# EXERCISE REQUIREMENTS
Set down all of the data that follows word for word, without the images.

+++ GIVEN MATERIAL +++

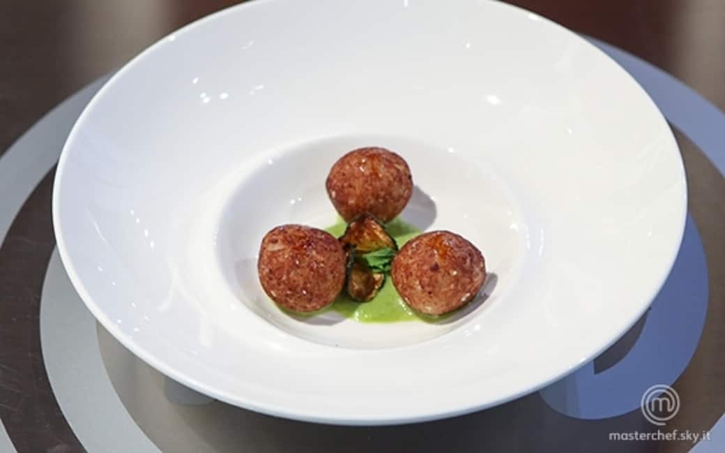 Servire il medaglione con la crema di patate, rafano e avocado, una grattugiata di rafano fresco e del lardo croccante, il tutto insieme a i cavoli saltati.
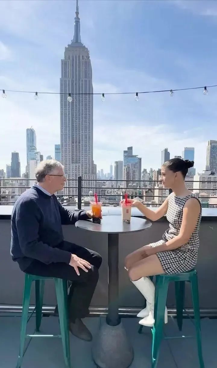 比尔·盖茨和女儿喝着中国奶茶相视而笑,而背景是高耸入云的纽约帝国大厦。
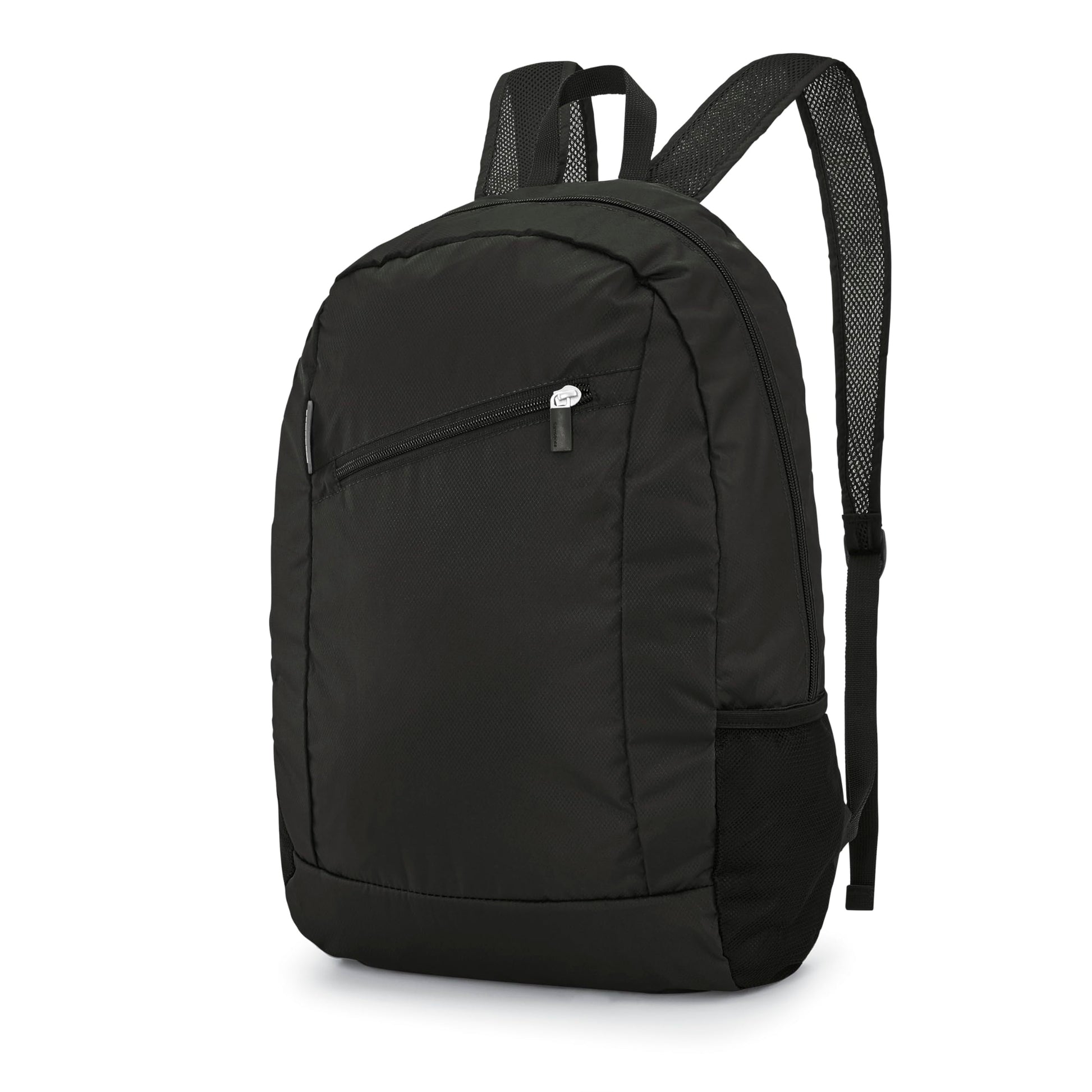 The idea solution for daily shopping, excursions, and beach trips, this foldaway backpack offers more space when you need it, and virtually disappears when you don’t. It easily folds into integrated compact pouch which serves as a convenient interior pocket when in use. Large main zippered opening easily stores all extra souvenirs acquired during travel. Adjustable shoulder straps are made of mesh for increased airflow.
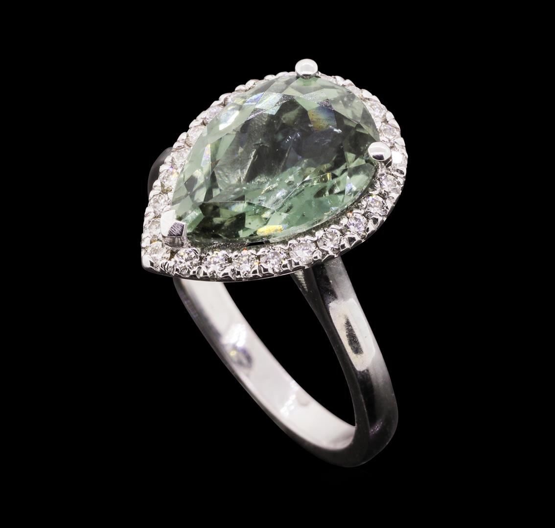 One electronically tested 14KT white gold lady's cast fashion ring with a basket halo with a bright polish finish. The featured lady's ring has a shank measuring 2.15 millimeters wide. Identified with markings of "14K". Condition is new, good workmanship. Containing: One prong set pear modified brilliant cut natural green tourmaline, measuring 12.70 x 8.70 x 5.10mm, (depth est.) approximate weight of 3.51ct., clarity is slightly included, medium, very slightly grayish, slightly yellowish green color, (GIA slyG 5/3), cut is very good. Transmitting light with a minimum of distortion, transparent. Colored gemstones are presumed to have been subjected to commonly used enhancement processes. Graded in the setting. Twenty-Four prong set round brilliant cut diamonds, measuring 1.50 - 1.45 x 0.92mm (depth est.) approximate total weight of 24 Stones = 0.30ct. Graded in the setting. Color H - I Clarity SI-1 to SI-2 Cut Good. Total Weight of Colored Stones 3.51ct. Total Weight of Diamonds 0.30ct. Total Weight of Ring 4.20gm. GAS Appraised.

+++

# OUTPUT BELOW
 Servire il medaglione con la crema di patate, rafano e avocado, una grattugiata di rafano fresco e del lardo croccante, il tutto insieme a i cavoli saltati.
 比尔·盖茨和女儿喝着中国奶茶相视而笑,而背景是高耸入云的纽约帝国大厦。
 The idea solution for daily shopping, excursions, and beach trips, this foldaway backpack offers more space when you need it, and virtually disappears when you don’t. It easily folds into integrated compact pouch which serves as a convenient interior pocket when in use. Large main zippered opening easily stores all extra souvenirs acquired during travel. Adjustable shoulder straps are made of mesh for increased airflow.
 One electronically tested 14KT white gold lady's cast fashion ring with a basket halo with a bright polish finish. The featured lady's ring has a shank measuring 2.15 millimeters wide. Identified with markings of "14K". Condition is new, good workmanship. Containing: One prong set pear modified brilliant cut natural green tourmaline, measuring 12.70 x 8.70 x 5.10mm, (depth est.) approximate weight of 3.51ct., clarity is slightly included, medium, very slightly grayish, slightly yellowish green color, (GIA slyG 5/3), cut is very good. Transmitting light with a minimum of distortion, transparent. Colored gemstones are presumed to have been subjected to commonly used enhancement processes. Graded in the setting. Twenty-Four prong set round brilliant cut diamonds, measuring 1.50 - 1.45 x 0.92mm (depth est.) approximate total weight of 24 Stones = 0.30ct. Graded in the setting. Color H - I Clarity SI-1 to SI-2 Cut Good. Total Weight of Colored Stones 3.51ct. Total Weight of Diamonds 0.30ct. Total Weight of Ring 4.20gm. GAS Appraised.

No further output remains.